**Problem requirements:**
The entries below are to be copied exactly, with every picture left out.
START Exercise data
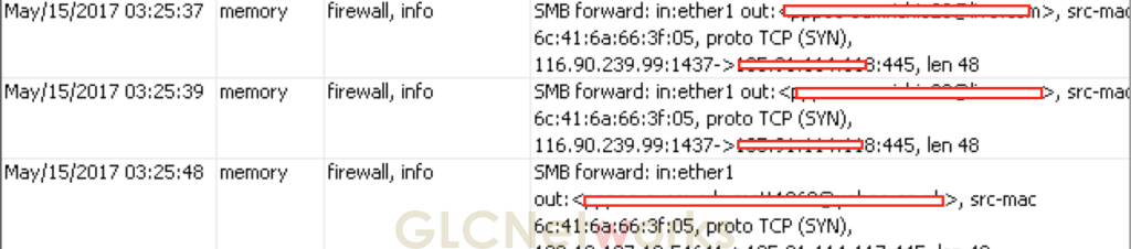 apakah saya dapat mengetahui komputer mana saja yang kemungkinan telah terinfeksi oleh ransomware? hal ini dapat dilakukan, langsung saja cek log mikrotik (seperti pada gambar poin 4 diatas), kemudian lihat ip address yang mengakses port smb/rdp. perlu diingat, ini adalah kemungkinan saja, bisa jadi komputer tersebut mengakses port smb/rdp dengan disengaja oleh admin.
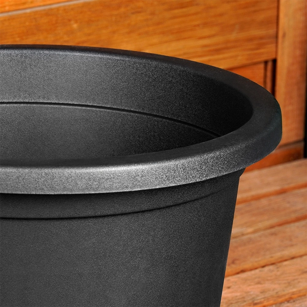 Okrugla plastična posuda 34 cm nudi bezvremenski izgled i praktične dimenzije: gornji promjer 34 cm, donji promjer 24 cm, visina 24 cm. Idealna kao ukrasna posuda ili za izravnu sadnju začinskog bilja, cvijeća i ukrasnih trava. Crna boja naglašava zelene i cvatuće biljke te pristaje svakom stilu vrta.
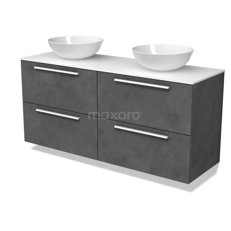 Modulo Plato Badkamermeubel voor waskom | 140 cm Donkergrijs beton Vlak front Solid surface blad 4 lades
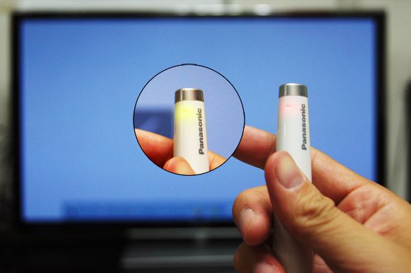 電子觸控筆開機時,會自動連接電視機,觸控筆會先閃紅燈後再閃綠燈,當螢幕上顯示連結完成即成功了,在使用觸控筆時要保持在50公分內,不然會失去連線,如果當筆靜置5分鐘無任何動作時會自動關閉省電,很貼心的設計。
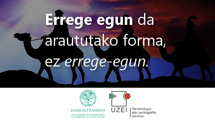 Euskaltzaindiak Errege egun arautu du ‘urtarrilaren 6a, Erregeek Jesus haurrari egin zioten gurtza gogoratzen duen eguna’ izendatzeko, ez errege-egun. Egun horretan ospatzen den bestaburuak baditu beste izen hauek ere, hiztegi arauemailean jasota daudenak: epifania eta trufania (azken horrek Ipar. marka du hiztegian).
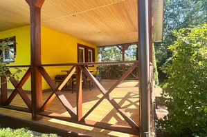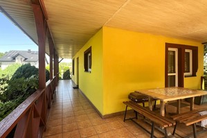Wokół domu znajdziemy liczne nasadzenia drzew i krzewów, a w ogrodzie znajdziemy piwniczkę ziemną.
END Exercise data
**Answer:**
 apakah saya dapat mengetahui komputer mana saja yang kemungkinan telah terinfeksi oleh ransomware? hal ini dapat dilakukan, langsung saja cek log mikrotik (seperti pada gambar poin 4 diatas), kemudian lihat ip address yang mengakses port smb/rdp. perlu diingat, ini adalah kemungkinan saja, bisa jadi komputer tersebut mengakses port smb/rdp dengan disengaja oleh admin.
 Okrugla plastična posuda 34 cm nudi bezvremenski izgled i praktične dimenzije: gornji promjer 34 cm, donji promjer 24 cm, visina 24 cm. Idealna kao ukrasna posuda ili za izravnu sadnju začinskog bilja, cvijeća i ukrasnih trava. Crna boja naglašava zelene i cvatuće biljke te pristaje svakom stilu vrta.
 Modulo Plato Badkamermeubel voor waskom | 140 cm Donkergrijs beton Vlak front Solid surface blad 4 lades
 電子觸控筆開機時,會自動連接電視機,觸控筆會先閃紅燈後再閃綠燈,當螢幕上顯示連結完成即成功了,在使用觸控筆時要保持在50公分內,不然會失去連線,如果當筆靜置5分鐘無任何動作時會自動關閉省電,很貼心的設計。
 Euskaltzaindiak Errege egun arautu du ‘urtarrilaren 6a, Erregeek Jesus haurrari egin zioten gurtza gogoratzen duen eguna’ izendatzeko, ez errege-egun. Egun horretan ospatzen den bestaburuak baditu beste izen hauek ere, hiztegi arauemailean jasota daudenak: epifania eta trufania (azken horrek Ipar. marka du hiztegian).
Wokół domu znajdziemy liczne nasadzenia drzew i krzewów, a w ogrodzie znajdziemy piwniczkę ziemną.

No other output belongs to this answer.